Abstract
O uso dos nomes próprios sem nenhum outro indexador externo aos seus portadores expressa uma escolha narrativa em Úrsula (1859), romance de Maria Firmina dos Reis (1822-1917). Esse uso permite introduzir uma concepção de maternidade como condição para historicidade em contexto patriarcal e escravocrata. A autora não assina a novela, senão sob a descrição indefinida de “uma maranhense”, e, como pretendo demonstrar, essa indefinição é consistente com a vindicação da universalidade na narrativa, em que a autoria de uma história não deve influenciar o sentido da denúncia da escravidão e do patriarcado. O uso dos nomes como descrições, em contraste, desempenha a função normativa de condenar a escravidão e o patriarcado e de condicionar uma historicidade.
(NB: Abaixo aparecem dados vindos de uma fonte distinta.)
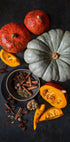 Rustykalna jesienna martwa natura z dynią, laskami cynamonu, gałką muszkatołową, kardamonem i anyżem gwiazdkowatym. Ta ciepła i przytulna kompozycja oddaje esencję jesiennych zbiorów i smaków pory roku, idealna do kuchni i świątecznych dekoracji bożonarodzeniowych.

Primeiro, farei uma breve consideração histórica e biográfica, buscando contextualizar Úrsula, tanto na história do Brasil como na história da literatura do Brasil, com o intuito de situar a natureza abolicionista do texto. Em seguida, tratarei da relação de coextensão entre natureza e liberdade na
determinação desse abolicionismo. Depois, chamarei a atenção para o sentido da escolha narrativa pelo uso dos nomes como descrições definidas. Por fim, apresentarei como esse uso permite à autora introduzir uma noção de historicidade, a partir do atrelamento do abolicionismo à função materna. Este último passo é o que constitui o ineditismo e a potência feminista do texto de Firmina, sob o manto da prosa romântica de folhetim.